■ Exercise
Beneath this line are the data; copy exactly the part of them that opens with the line containing "Trycimol Tablet is" and closes with the line containing "Два съемных текстильных", and only that part.

■ Dataset records

------------

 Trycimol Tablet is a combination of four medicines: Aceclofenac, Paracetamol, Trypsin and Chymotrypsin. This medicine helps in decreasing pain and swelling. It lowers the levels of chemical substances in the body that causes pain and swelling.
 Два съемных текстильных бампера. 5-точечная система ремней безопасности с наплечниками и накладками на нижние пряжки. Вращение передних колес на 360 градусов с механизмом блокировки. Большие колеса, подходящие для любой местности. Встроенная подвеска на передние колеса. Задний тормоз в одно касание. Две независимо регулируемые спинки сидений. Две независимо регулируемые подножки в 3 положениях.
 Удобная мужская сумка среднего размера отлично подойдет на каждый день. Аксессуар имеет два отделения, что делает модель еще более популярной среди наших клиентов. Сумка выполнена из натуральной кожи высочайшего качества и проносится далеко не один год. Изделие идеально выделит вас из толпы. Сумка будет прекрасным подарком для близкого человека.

------------

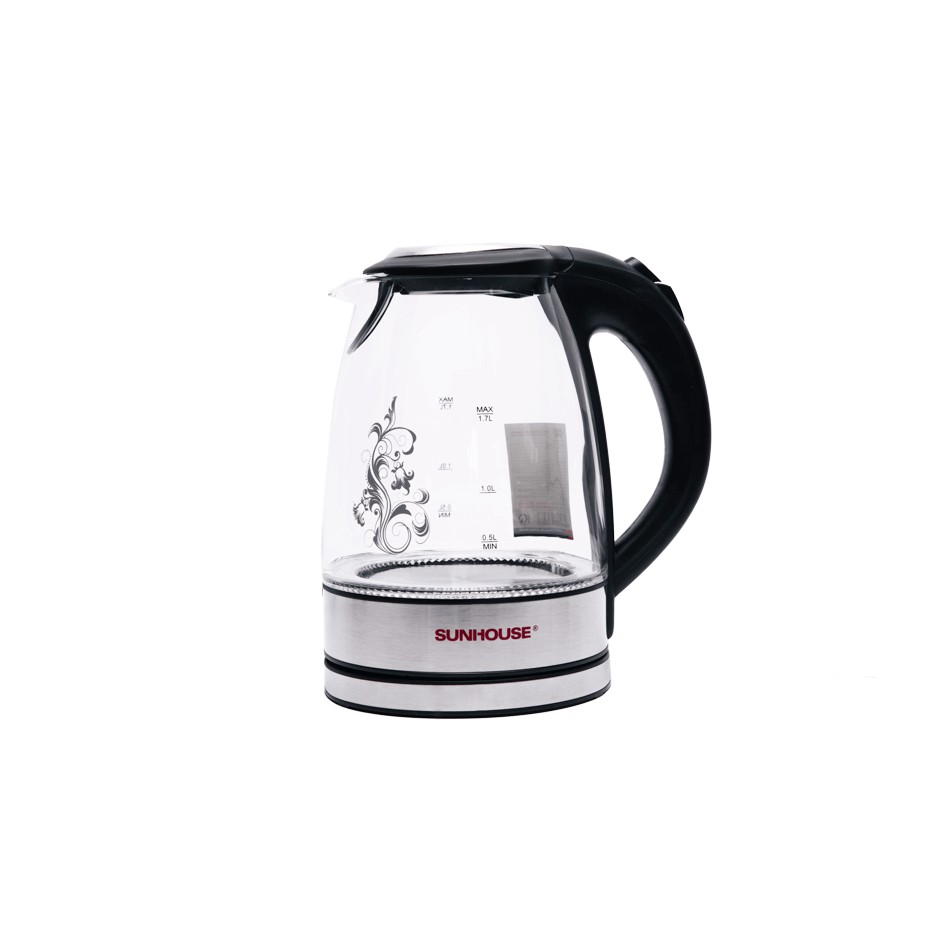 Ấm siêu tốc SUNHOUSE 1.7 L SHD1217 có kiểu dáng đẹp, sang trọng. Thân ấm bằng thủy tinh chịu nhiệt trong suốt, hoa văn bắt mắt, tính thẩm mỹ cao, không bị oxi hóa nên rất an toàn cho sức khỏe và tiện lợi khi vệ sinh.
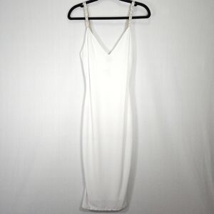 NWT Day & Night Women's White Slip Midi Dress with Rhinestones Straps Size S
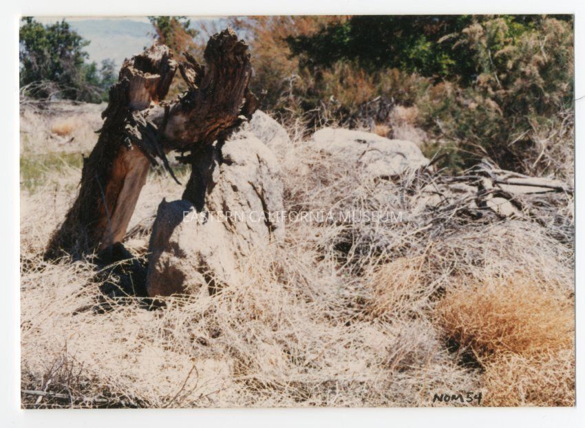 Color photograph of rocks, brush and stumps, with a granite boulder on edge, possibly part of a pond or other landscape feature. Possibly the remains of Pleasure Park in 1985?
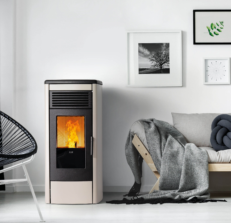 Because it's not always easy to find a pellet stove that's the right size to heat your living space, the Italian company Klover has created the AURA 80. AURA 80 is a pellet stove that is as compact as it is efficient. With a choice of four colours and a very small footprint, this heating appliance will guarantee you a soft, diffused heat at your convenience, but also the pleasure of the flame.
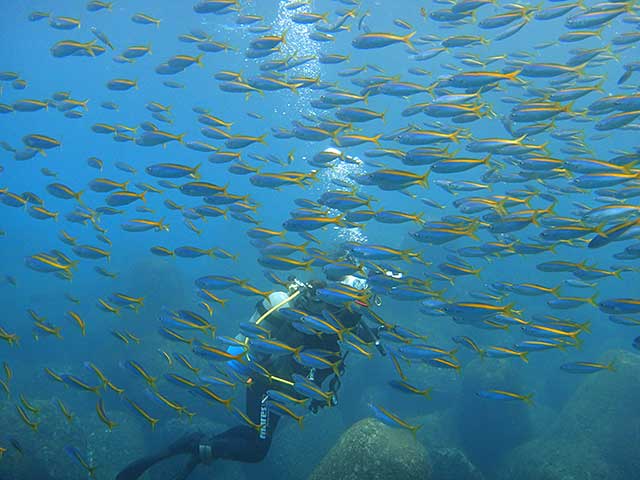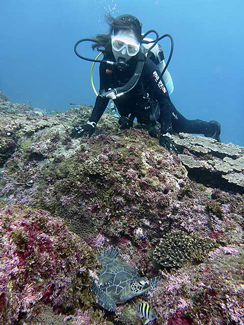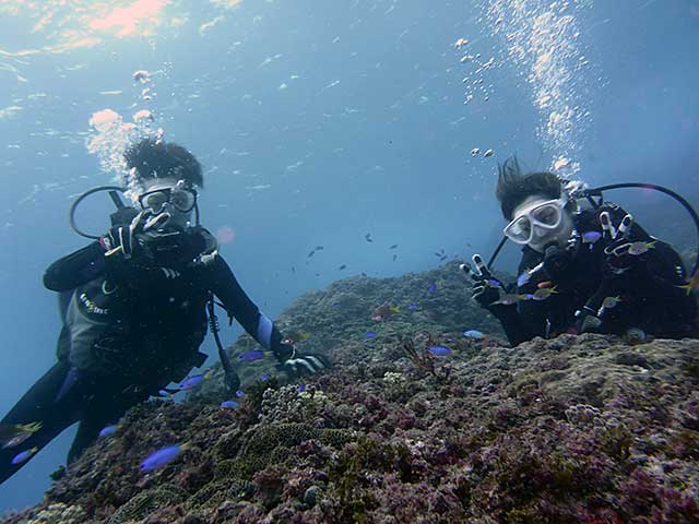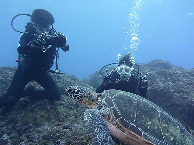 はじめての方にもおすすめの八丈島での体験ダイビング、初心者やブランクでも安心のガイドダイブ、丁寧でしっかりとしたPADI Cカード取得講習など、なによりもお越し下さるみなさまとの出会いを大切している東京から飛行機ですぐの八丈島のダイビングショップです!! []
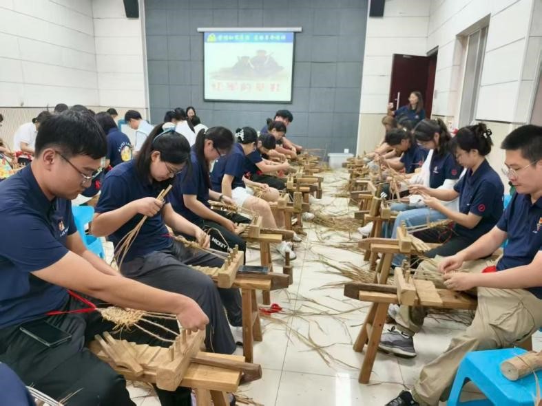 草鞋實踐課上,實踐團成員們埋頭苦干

------------

■ Result of the task
 Trycimol Tablet is a combination of four medicines: Aceclofenac, Paracetamol, Trypsin and Chymotrypsin. This medicine helps in decreasing pain and swelling. It lowers the levels of chemical substances in the body that causes pain and swelling.
 Два съемных текстильных бампера. 5-точечная система ремней безопасности с наплечниками и накладками на нижние пряжки. Вращение передних колес на 360 градусов с механизмом блокировки. Большие колеса, подходящие для любой местности. Встроенная подвеска на передние колеса. Задний тормоз в одно касание. Две независимо регулируемые спинки сидений. Две независимо регулируемые подножки в 3 положениях.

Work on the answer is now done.